• DATA SUPPLIED:
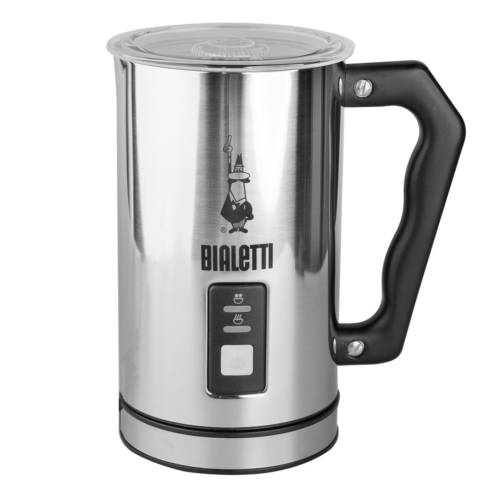 : BialettiElektrický napeňovač mlieka s nepriľnavým povrchom vnútornej časti. Prístroj dáva na výber medzi tvorbou studenej a teplej peny, pričom umožňuje taktiež samotný ohrev bez napenenia. Jedno použitie napeňovača vytvorí 115 ml mliečnej peny alebo ohreje 240 ml mlieka.
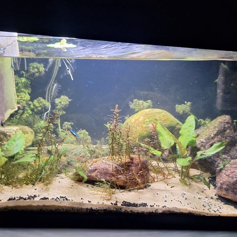 Säljer 15 liters akvarium. 8kantigt. Passar perfekt till räkor. Komplett med lock, lampa, syrepump, reningspump och håv.
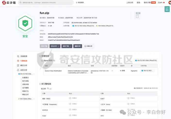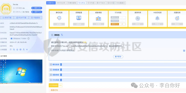 沙箱(Sandbox)是一种隔离机制,通过创建一个受控的、隔离的计算环境,允许软件在不影响宿主系统或网络的情况下运行和测试。这种技术在恶意程序分析中尤为重要,因为它能够安全地捕获和分析恶意软件的行为、特征及其对系统和网络的影响。在国内,常用的两个在线云沙箱分析平台是微步和安恒
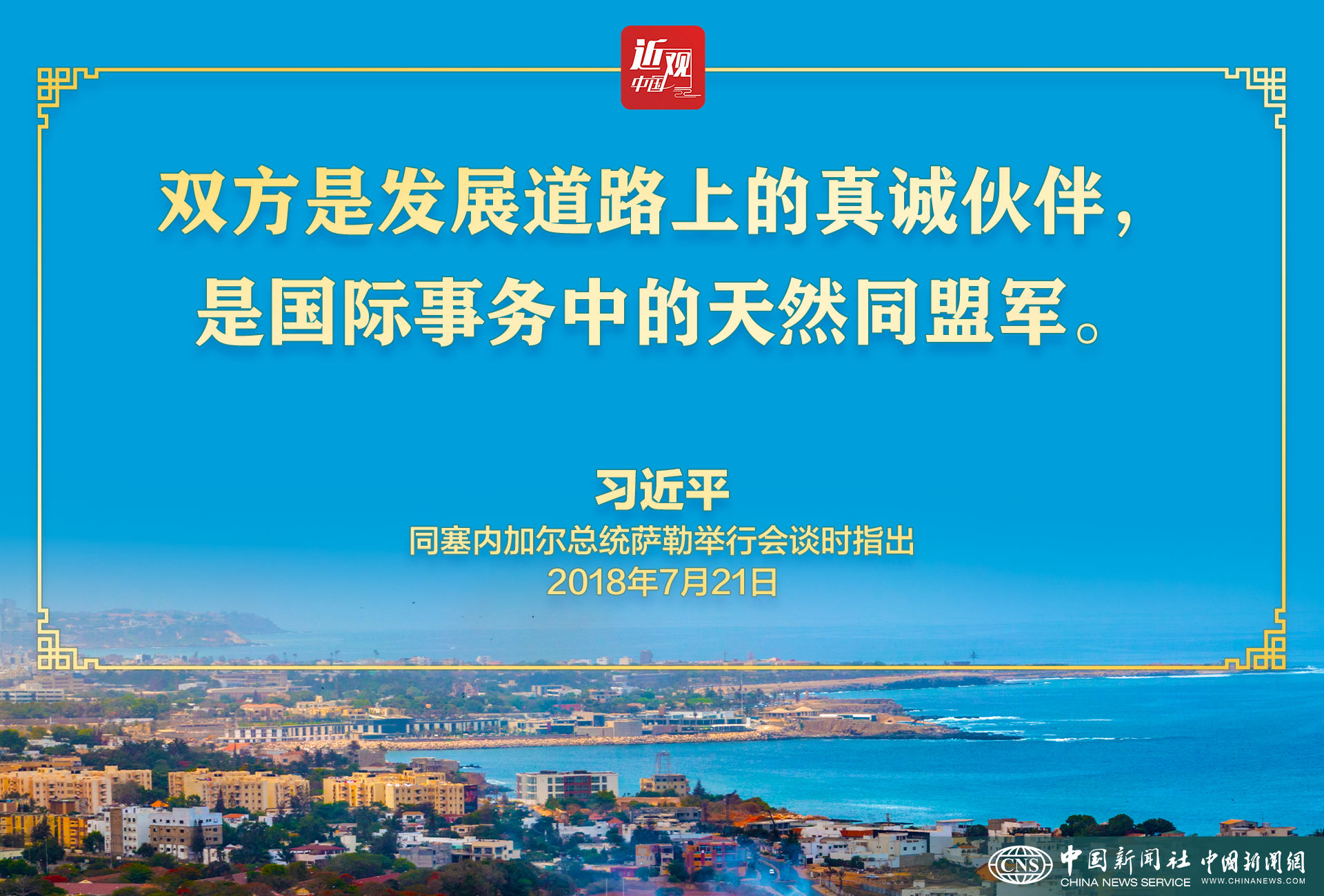 2018年7月21日,国家主席习近平在达喀尔同塞内加尔总统萨勒举行会谈。习近平指出,我高度重视中非关系,我深深感到,中非长期友好,命运休戚与共。双方是发展道路上的真诚伙伴,是国际事务中的天然同盟军。中国的发展将给非洲带来更多机遇,非洲的发展也将为中国发展增添动力。
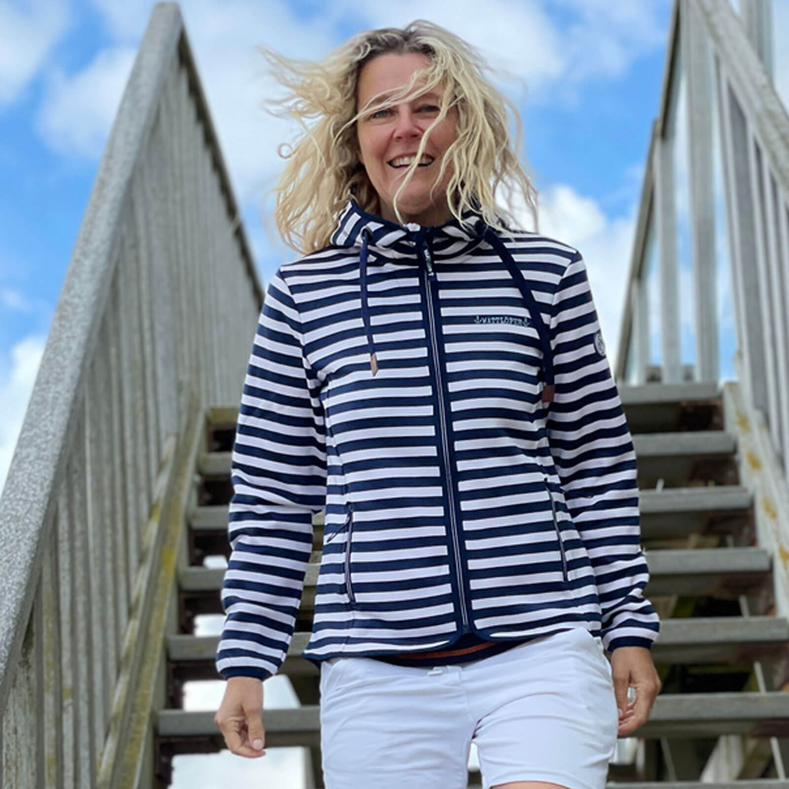 Diese gestreifte Strickfleecejacke für Damen von Wattlöper verbindet maritimen Stil mit funktionalem Tragekomfort.
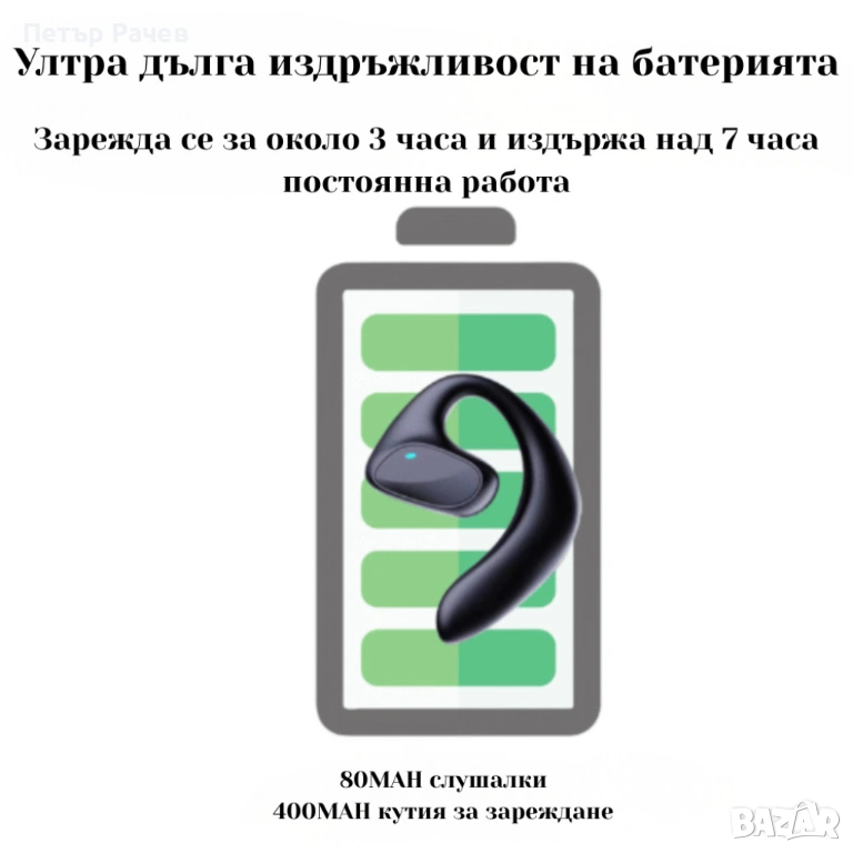 Капацитет на батерията: слушалки 80 mAh; зарядно калъфче 400 mAh.
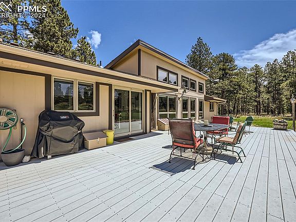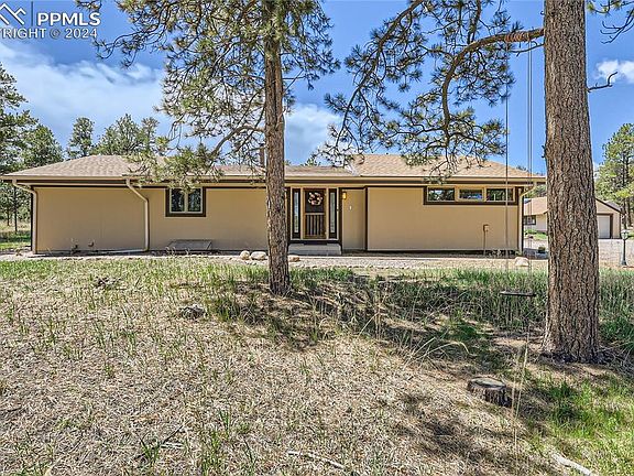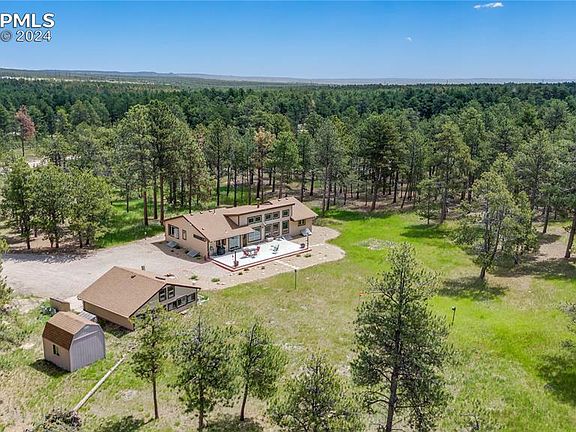 Great room concept rancher on five beautiful acres in southern Black Forest. This six bedroom/four bath home features a beautiful gathering area with high vaults and transom windows overlooking the manicured five acres with old growth ponderosa pine. Close to schools, shopping, and popular hiking and riding trails nearby with Section 16 and The Pineries. Very private and hidden from the road, you enter property through custom front doors with gorgeous brick paver flooring and a great room concept with a wall of windows letting the sun and nature come in. The living room/dining room great room is perfect for gatherings and entertaining. The kitchen has a morning sitting area plus laundry and walk out to a large, composite deck for evening visits. The master and bath are separated from the other three secondaries on the main level. Very hard to find floorplan with multiple bedrooms/office area/flex rooms on the main. The basement has two bedrooms and bath plus a family room and kitchenette/bar area, plus an additional flex/craft room. The oversized, detached, two car garage is extra deep with workshop area/shelving. The home is beautifully appointed with attention to detail, high vaults, electric forced air heat and lots of solar gain plus exterior cement siding. No HOA and expired covenants. District 20 schools, great location to commute to Springs or Denver, elegant rural living while being minutes from shopping and restaurants in Springs or Falcon. Easy commutes to Springs or Denver.

• INSTRUCTIONS TO FOLLOW:
In the data above, retype only the stretch from the line with "Diese gestreifte Strickfleecejacke" through the line with "Капацитет на батерията: слушалки", word for word, and skip any pictures.

• REPLY:
 Diese gestreifte Strickfleecejacke für Damen von Wattlöper verbindet maritimen Stil mit funktionalem Tragekomfort.
 Капацитет на батерията: слушалки 80 mAh; зарядно калъфче 400 mAh.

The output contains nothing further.